The Hong Kong Monetary Authority (HKMA) has initiated an e-HKD retail Central Bank Digital Currency (CBDC) pilot scheme.
The scheme will see 16 firms from the financial, payments, and technology sectors participating in the first round of trials this year. HKMA’s e-HKD pilot will explore six potential use cases, including full-fledged payments, programmable payments, offline payments, tokenised deposits, settlement of Web3 transactions, and settlement of tokenised assets.
While the decision on a retail CBDC is yet to be finalised, HKMA chief executive Eddie Yue noted that the e-HKD pilot provides an excellent opportunity for HKMA to join forces with the industry in probing innovative use cases and enhancing preparedness for a potential e-HKD.
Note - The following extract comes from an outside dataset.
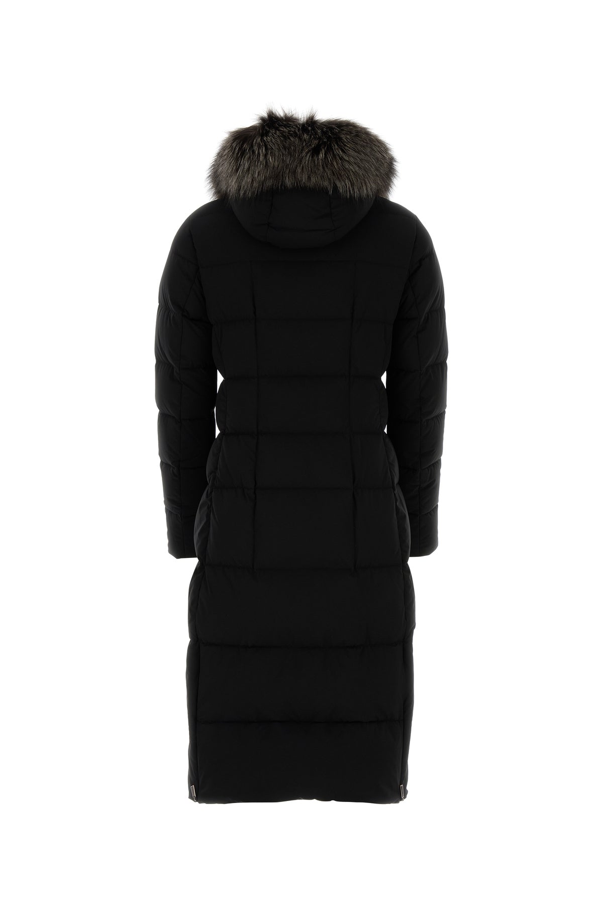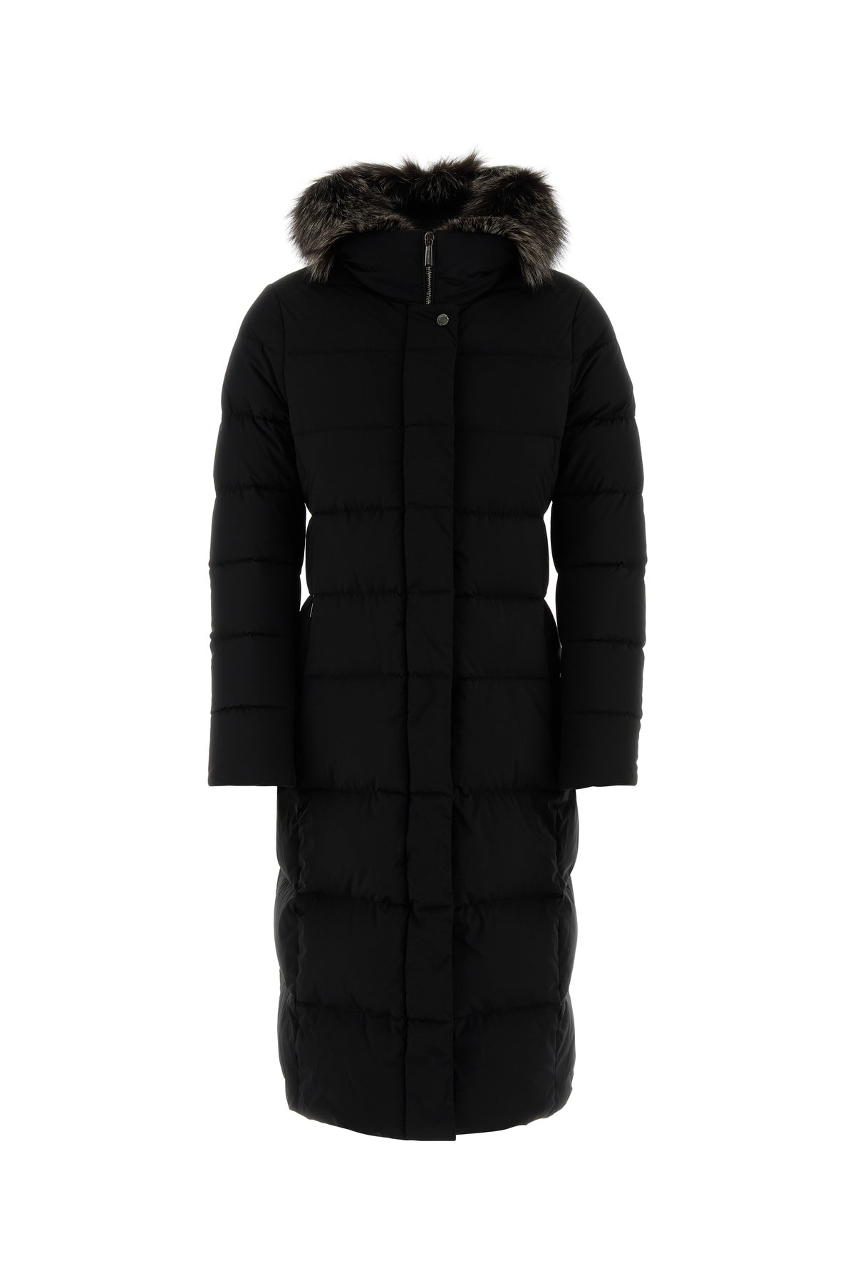 Down jacket realized in quilted nylon blend with eco fur insert on the hood.

The e-HKD pilot forms a significant part of Rail 2, which falls under HKMA’s three-rail strategy for the possible deployment of a retail CBDC. Each pilot’s outcomes and insights will further enhance HKMA’s perspective and hone its approach towards the possible implementation of e-HKD.
HKMA also intends to create a CBDC Expert Group, bringing together academics from local universities, to facilitate collaboration between government, industry, and academia.
HKMA chief executive Eddie Yue said, “the e-HKD pilot serves as a tremendous opportunity for the HKMA to collaborate with the industry in exploring innovative use cases and maximising our readiness for a potential e-HKD”.
Recently, the Digital Currency Monetary Authority (DCMA) launched its CBDC which it claims it strengthens the monetary sovereignty of participating central banks.